Data for processing
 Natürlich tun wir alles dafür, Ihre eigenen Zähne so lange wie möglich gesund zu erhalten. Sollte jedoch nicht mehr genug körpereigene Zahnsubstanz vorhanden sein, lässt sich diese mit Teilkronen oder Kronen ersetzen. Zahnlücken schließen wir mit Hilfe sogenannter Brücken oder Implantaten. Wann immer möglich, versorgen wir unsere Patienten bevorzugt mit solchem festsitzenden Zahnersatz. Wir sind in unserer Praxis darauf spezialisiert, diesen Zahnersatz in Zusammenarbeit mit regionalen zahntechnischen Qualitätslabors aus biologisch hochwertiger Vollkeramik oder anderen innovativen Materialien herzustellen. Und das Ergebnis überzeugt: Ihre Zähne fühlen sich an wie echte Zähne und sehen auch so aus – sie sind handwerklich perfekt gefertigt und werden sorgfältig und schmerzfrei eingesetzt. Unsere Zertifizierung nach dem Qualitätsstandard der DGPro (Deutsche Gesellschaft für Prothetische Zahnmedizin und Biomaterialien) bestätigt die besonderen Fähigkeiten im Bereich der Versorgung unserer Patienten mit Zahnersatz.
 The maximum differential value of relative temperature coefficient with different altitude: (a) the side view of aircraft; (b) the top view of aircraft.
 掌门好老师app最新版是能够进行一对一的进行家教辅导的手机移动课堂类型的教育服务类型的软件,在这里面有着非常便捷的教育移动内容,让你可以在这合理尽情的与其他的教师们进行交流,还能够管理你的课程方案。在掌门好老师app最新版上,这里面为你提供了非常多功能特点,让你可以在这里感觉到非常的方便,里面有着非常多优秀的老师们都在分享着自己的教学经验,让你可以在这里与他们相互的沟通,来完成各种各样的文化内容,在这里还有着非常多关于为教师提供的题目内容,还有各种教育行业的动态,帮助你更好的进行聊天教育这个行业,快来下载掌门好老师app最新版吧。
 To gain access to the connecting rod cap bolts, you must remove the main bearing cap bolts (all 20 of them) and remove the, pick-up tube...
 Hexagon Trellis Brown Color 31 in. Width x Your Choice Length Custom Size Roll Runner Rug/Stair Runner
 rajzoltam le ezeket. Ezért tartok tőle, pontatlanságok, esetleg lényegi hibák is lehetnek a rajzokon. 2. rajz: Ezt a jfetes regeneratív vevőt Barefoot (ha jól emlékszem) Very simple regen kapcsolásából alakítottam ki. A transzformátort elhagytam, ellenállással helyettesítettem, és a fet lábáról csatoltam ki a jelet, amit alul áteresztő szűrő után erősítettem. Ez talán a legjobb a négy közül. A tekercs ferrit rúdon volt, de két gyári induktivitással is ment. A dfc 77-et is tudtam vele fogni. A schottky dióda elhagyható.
* * *
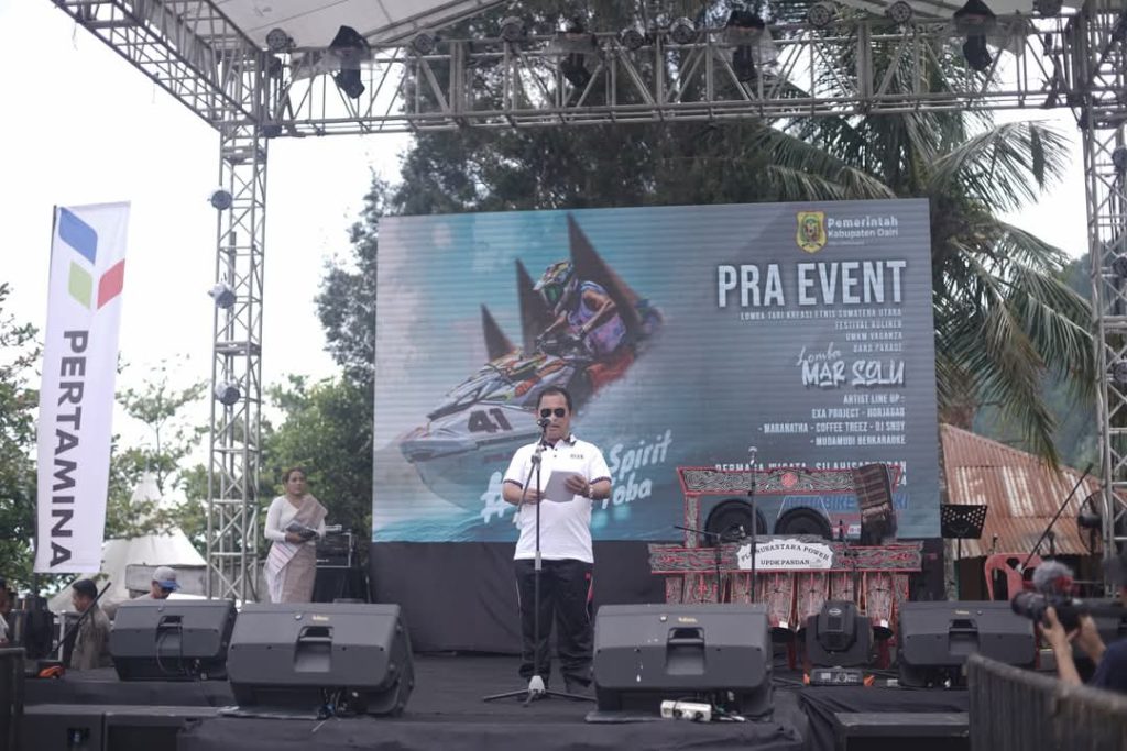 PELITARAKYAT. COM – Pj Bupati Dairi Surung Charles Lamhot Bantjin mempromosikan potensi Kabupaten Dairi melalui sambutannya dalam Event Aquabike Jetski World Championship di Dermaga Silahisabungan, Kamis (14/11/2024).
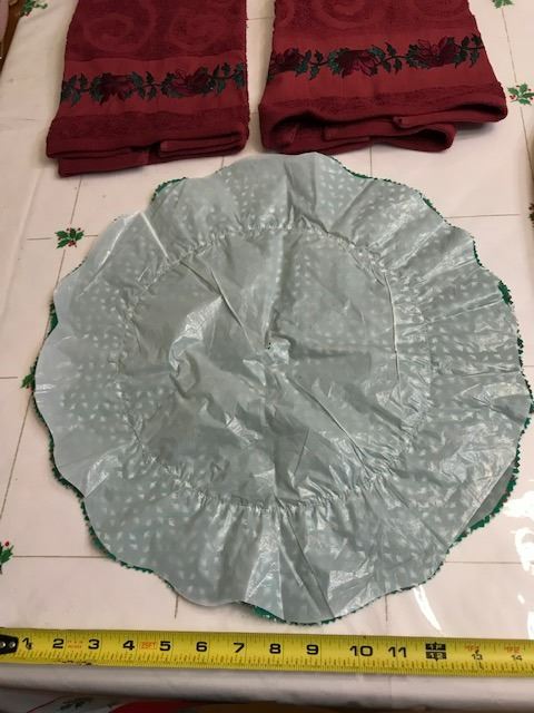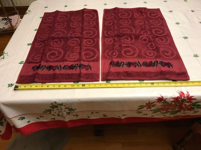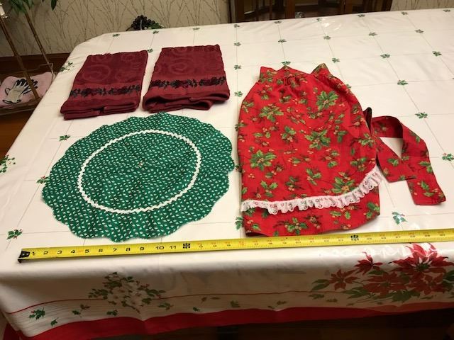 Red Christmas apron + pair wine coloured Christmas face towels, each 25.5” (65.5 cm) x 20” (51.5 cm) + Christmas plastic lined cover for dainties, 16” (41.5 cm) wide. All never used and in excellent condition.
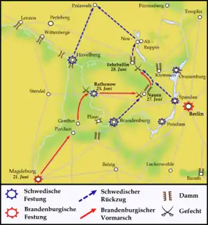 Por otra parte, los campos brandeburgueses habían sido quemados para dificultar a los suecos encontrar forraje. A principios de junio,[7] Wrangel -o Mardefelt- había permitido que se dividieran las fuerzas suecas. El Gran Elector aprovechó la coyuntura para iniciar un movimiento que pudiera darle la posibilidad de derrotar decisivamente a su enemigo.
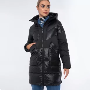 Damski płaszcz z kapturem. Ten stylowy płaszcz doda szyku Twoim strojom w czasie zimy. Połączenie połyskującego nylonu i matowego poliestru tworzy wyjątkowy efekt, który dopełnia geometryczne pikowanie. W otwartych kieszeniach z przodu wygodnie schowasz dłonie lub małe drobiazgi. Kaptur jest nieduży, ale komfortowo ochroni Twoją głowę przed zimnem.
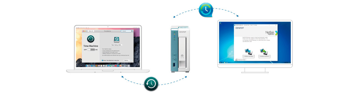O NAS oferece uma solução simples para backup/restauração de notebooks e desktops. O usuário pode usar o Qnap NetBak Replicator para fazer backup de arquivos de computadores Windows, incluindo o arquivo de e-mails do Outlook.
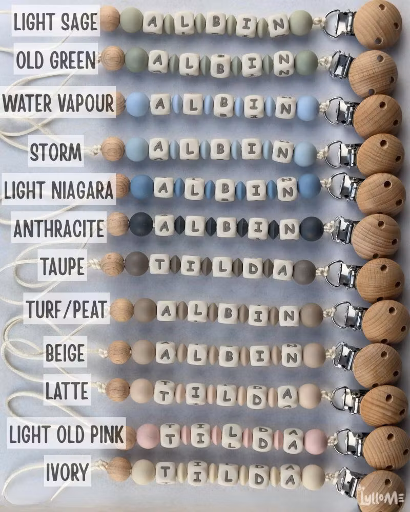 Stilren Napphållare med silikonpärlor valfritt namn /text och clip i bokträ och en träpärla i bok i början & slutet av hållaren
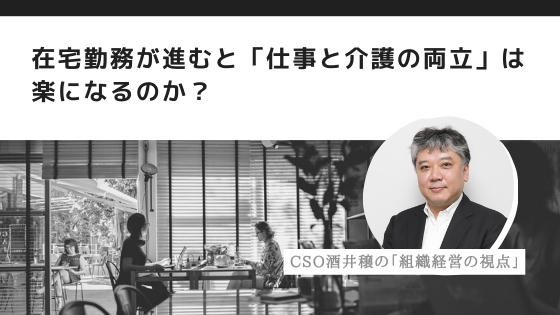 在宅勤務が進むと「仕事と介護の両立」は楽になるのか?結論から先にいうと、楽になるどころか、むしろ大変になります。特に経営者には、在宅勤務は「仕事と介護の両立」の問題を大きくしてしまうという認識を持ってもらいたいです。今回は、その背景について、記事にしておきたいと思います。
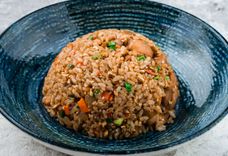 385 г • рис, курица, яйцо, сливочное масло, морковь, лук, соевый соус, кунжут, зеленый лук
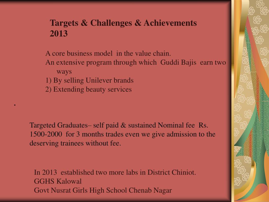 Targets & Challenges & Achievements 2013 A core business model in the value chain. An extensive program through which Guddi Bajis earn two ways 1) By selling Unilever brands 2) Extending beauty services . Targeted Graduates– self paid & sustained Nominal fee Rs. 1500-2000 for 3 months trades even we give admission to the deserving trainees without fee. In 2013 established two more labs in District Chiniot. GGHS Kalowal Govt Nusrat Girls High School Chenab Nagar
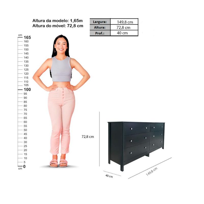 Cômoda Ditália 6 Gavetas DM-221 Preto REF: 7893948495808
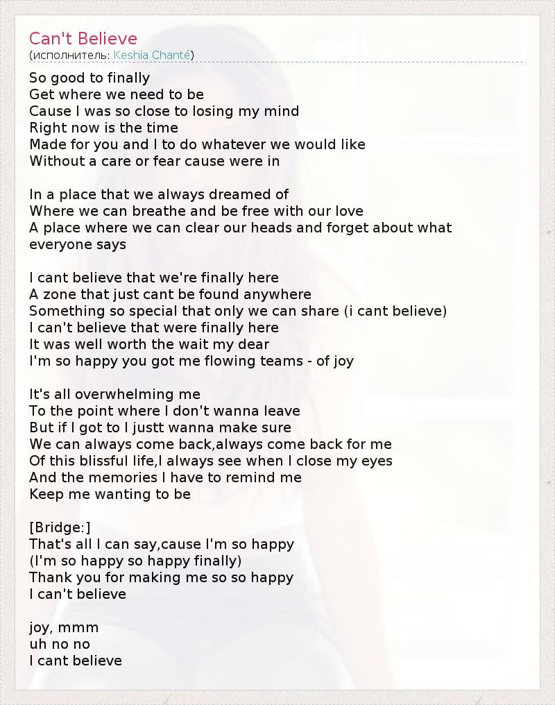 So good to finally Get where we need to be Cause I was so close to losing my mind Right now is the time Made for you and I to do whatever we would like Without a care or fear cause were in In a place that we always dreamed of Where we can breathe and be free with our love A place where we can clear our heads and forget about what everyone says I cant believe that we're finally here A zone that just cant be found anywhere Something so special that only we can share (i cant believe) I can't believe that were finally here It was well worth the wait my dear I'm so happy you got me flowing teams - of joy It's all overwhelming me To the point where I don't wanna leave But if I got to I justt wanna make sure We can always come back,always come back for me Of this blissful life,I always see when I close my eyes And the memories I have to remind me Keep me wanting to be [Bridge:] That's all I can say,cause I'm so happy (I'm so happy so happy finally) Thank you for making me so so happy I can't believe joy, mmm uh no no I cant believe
==
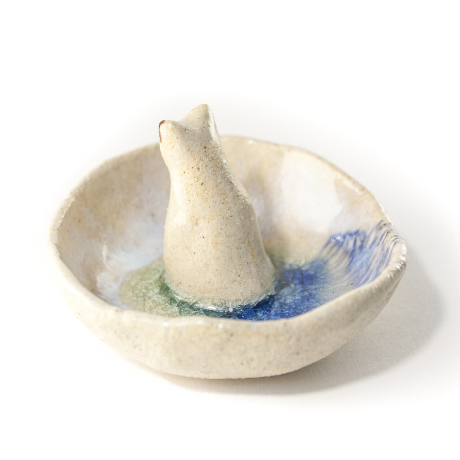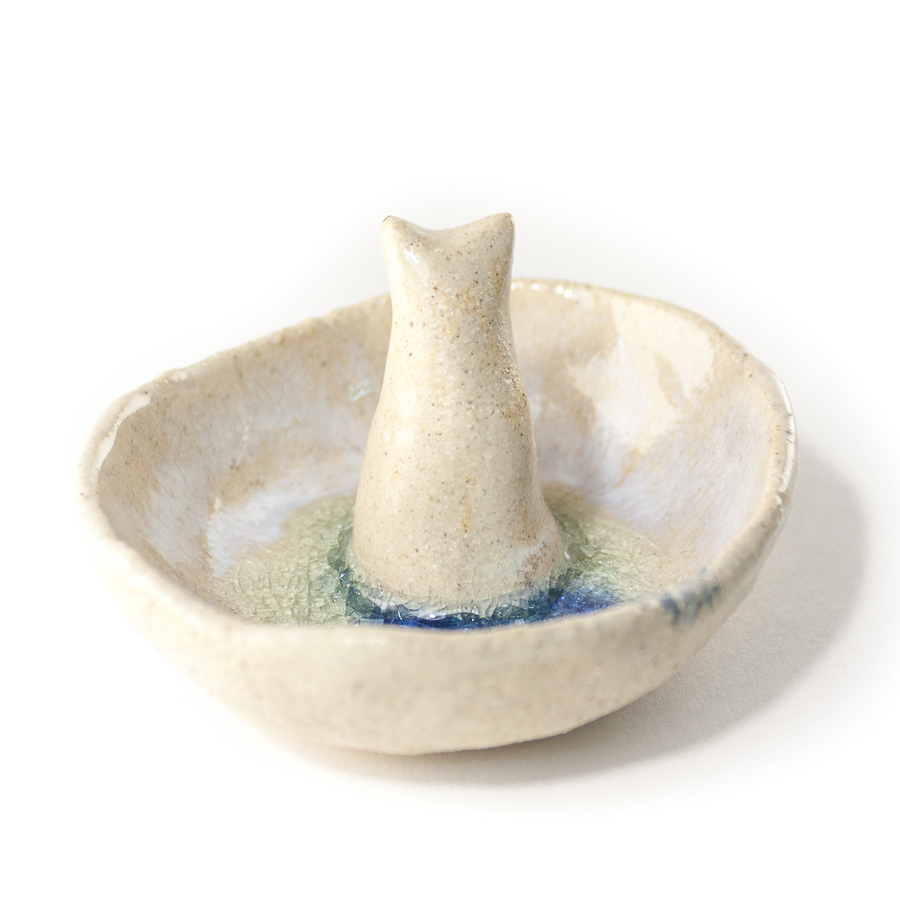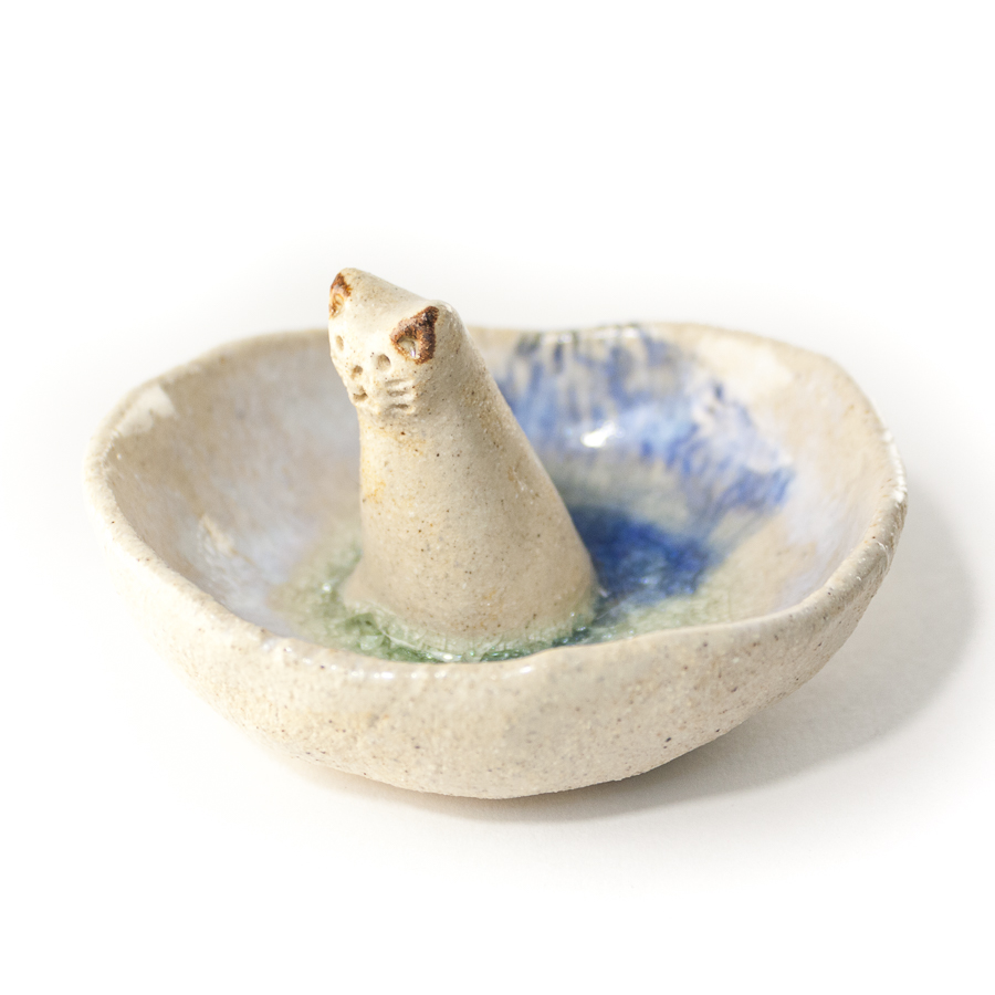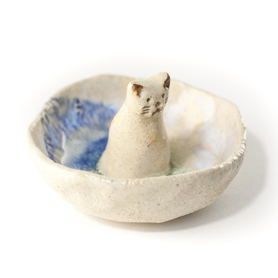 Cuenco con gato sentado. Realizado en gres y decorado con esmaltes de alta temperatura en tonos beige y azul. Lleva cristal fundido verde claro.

Work required
Reproduce exactly the stretch of the material above that starts at the line with "The maximum differential" and ends at the line with "Hexagon Trellis Brown", both included, and nothing else.

Answer section
 The maximum differential value of relative temperature coefficient with different altitude: (a) the side view of aircraft; (b) the top view of aircraft.
 掌门好老师app最新版是能够进行一对一的进行家教辅导的手机移动课堂类型的教育服务类型的软件,在这里面有着非常便捷的教育移动内容,让你可以在这合理尽情的与其他的教师们进行交流,还能够管理你的课程方案。在掌门好老师app最新版上,这里面为你提供了非常多功能特点,让你可以在这里感觉到非常的方便,里面有着非常多优秀的老师们都在分享着自己的教学经验,让你可以在这里与他们相互的沟通,来完成各种各样的文化内容,在这里还有着非常多关于为教师提供的题目内容,还有各种教育行业的动态,帮助你更好的进行聊天教育这个行业,快来下载掌门好老师app最新版吧。
 To gain access to the connecting rod cap bolts, you must remove the main bearing cap bolts (all 20 of them) and remove the, pick-up tube...
 Hexagon Trellis Brown Color 31 in. Width x Your Choice Length Custom Size Roll Runner Rug/Stair Runner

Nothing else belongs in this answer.